EXERCISE DATA
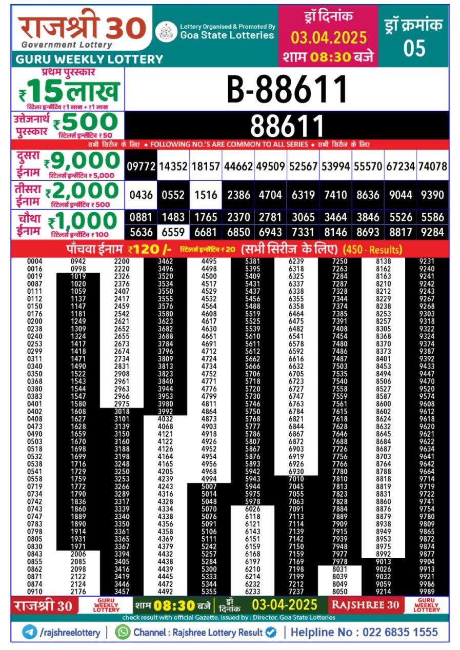 राजश्री 30 लाटरी का रात 8:30 बजे का रिज़ल्ट दिनांक 29.8.25
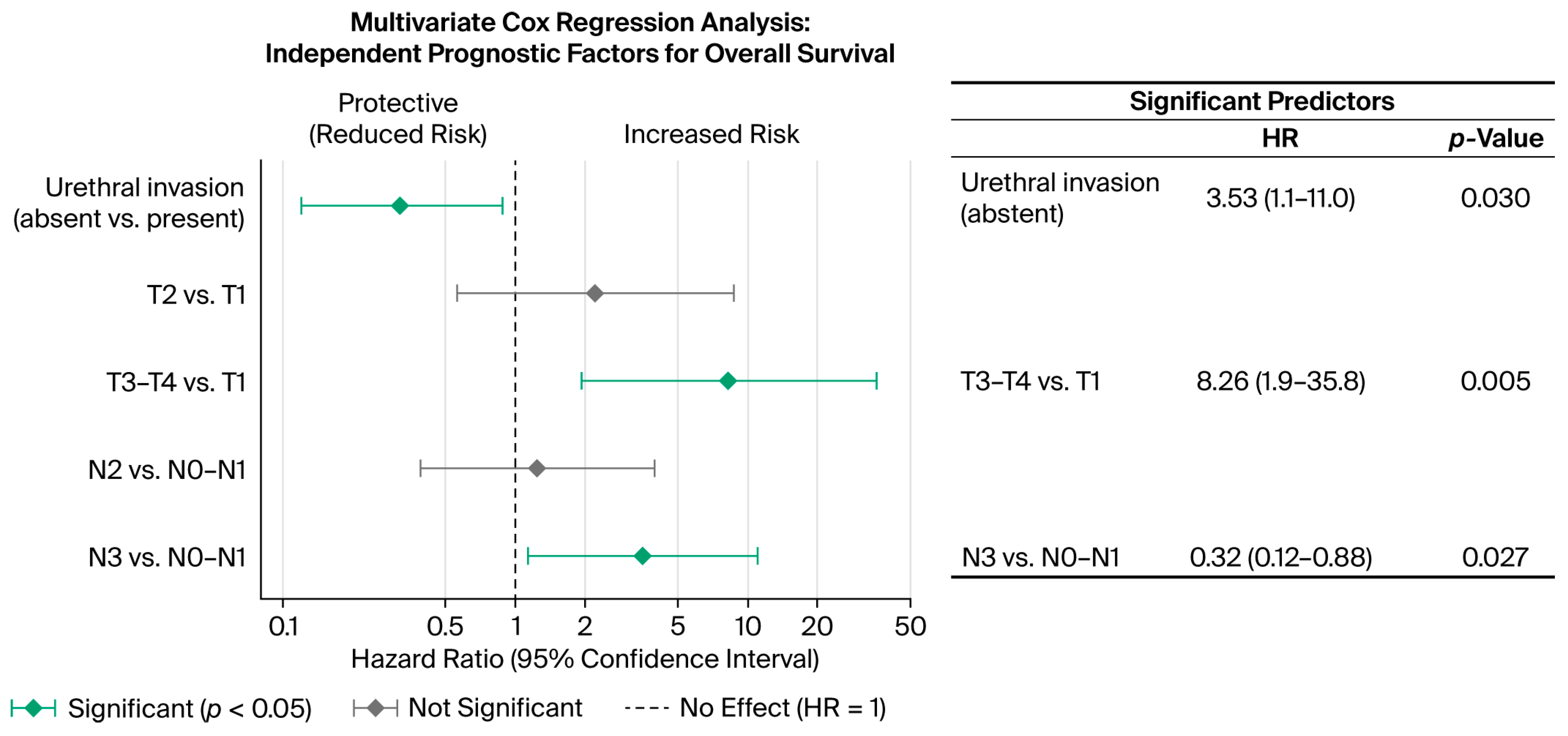 Multivariate Cox regression analysis of prognostic factors for OS. Forest plot displays hazard ratios (HRs) with 95% confidence intervals (CIs) from multivariate Cox proportional hazards regression analysis. Diamond markers represent HR point estimates; horizontal lines show a 95% CI. Green indicates statistically significant independent predictors (p < 0.05); gray indicates non-significant variables. A dashed vertical line at HR = 1.0 represents no effect. The right panel summarizes three significant predictors: absence of urethral invasion (HR = 0.32; p = 0.027), T3–T4 stages (HR = 8.26; p = 0.005), and N3 disease (HR = 3.53; p = 0.030). The X-axis is presented on a logarithmic scale.
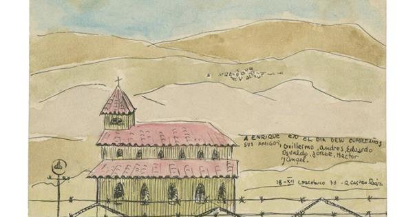 Fue dibujada con un bolígrafo negro por Jaime Imilán Álvarez, académico y secretario general de esta universidad, y forma parte de la exposición virtual "Dibujos en Prisión: memorias de encierro, compañerismo y resistencia", que se presentó esta semana de nuevo en Santiago y reúne los trabajos de 22 personas privadas de libertad en diversos centros de detención durante la dictadura de Augusto Pinochet (1973-1990).
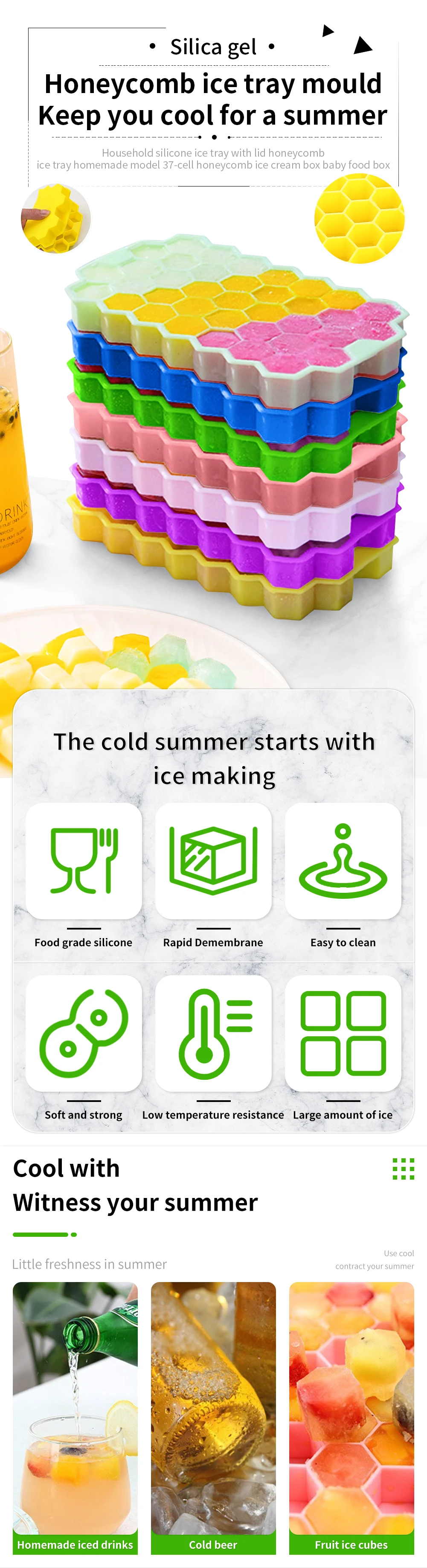Meijuner Silicone Honeycomb Ice Cube Trays with Removable Lids Silicone Healthy Ice Cube Mold without poision

ACTIVITY
Leave the pictures aside and print exactly, and only, the lines from the one with "Fue dibujada con" through the end of the data, both included.

THE COMPLETED TASK
 Fue dibujada con un bolígrafo negro por Jaime Imilán Álvarez, académico y secretario general de esta universidad, y forma parte de la exposición virtual "Dibujos en Prisión: memorias de encierro, compañerismo y resistencia", que se presentó esta semana de nuevo en Santiago y reúne los trabajos de 22 personas privadas de libertad en diversos centros de detención durante la dictadura de Augusto Pinochet (1973-1990).
Meijuner Silicone Honeycomb Ice Cube Trays with Removable Lids Silicone Healthy Ice Cube Mold without poision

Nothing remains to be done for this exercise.